Agreeing with The Archbishop

Good article in today's Western Mail by the Most Rev. Barry Morgan, Archbishop of Wales about organ donation. He's got it spot on. I am at one with the Archbishop on this.

Let me outline the current legal position, and why I object to changing it. At present, if any individual wants their organs to be made available to others in need after a pronouncement of death, he or she carries a donor card which makes this clear. I carry such a card, have done for decades, as does the Archbishop. The Welsh Government want to change the law so that it will be deemed by the state that all wish to donate organs unless they specify that they do not - that they have to 'opt-out' rather than have to 'opt-in'. In passing I must note that this issue was used in the run-up to the 'powers referendum' last March in what I thought was a deeply immoral way. And there is uncertainty (in my mind if no-one else's) about whether the Welsh Government has the power to do this. Nevertheless we are told to expect a 'white paper' before Xmas.

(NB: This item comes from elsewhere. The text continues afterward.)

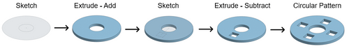 When we design in CAD, we think of it as a sequence of geometric operations which lead to a final geometry which is hopefully what we originally envisioned. In the first image below, we can see a simple part being generated by a 2D sketch, which is then extruded, a geometric operation which gives thickness. More operations are done such that we get our final geometry.

The reason I have long carried a card in my wallet at all times is that I believe it would be a Christian and noble gesture to allow my organs to be used if they would be of help. I often suggest to others that they might do the same. After careful consideration I have accepted that the state should in some circumstances force individuals to consider this issue by decaring whether they wish to donate or not - driving licence, census etc. But I do not accept that the state should be allowed to make assumptions about the will of individual citizens in respect of their own body parts.

The Archbishop makes the point that 'presumed consent' means in effect that our body parts belong to the state, unless we specify otherwise. Neither he nor I believe this is 'right' in any moral sense. Even worse it means that the state will be able to take body parts from people who did not wish it to do so - simply because they had not got around to registering their objection, as currently many do not register their approval (unless it is assumed that everyone would wish to donate). Further, at present the state has an interest in encouraging people to think about this matter. Under 'presumed consent' the state's interest will be for there to be no publicity and no knowledge of the system. And I simple do not accept that the undoubted good intentions of those proposing the change of law will last even a generation. Its wise always to 'follow the money' - follow the interest. And for me its also that I know its wrong - like euthanasia, assisted suicide, casual abortion etc. Its just wrong - and the convenience of the state will never make it right.


Alwyn ap Huw said...

You load sixteen tons, what do you get
Another day older and deeper in debt
Saint Peter don't you call me 'cause I can't go
I owe my body to Carwyn and Co!

Anonymous said...

I think presumed consent should be law across the UK. Too many people die waiting for a transplant for us to sit back and do nothing. Google Jessica Wales and read her story. She waited too long for a double lung transplant, in the end while she got new lungs she was too ill to survive.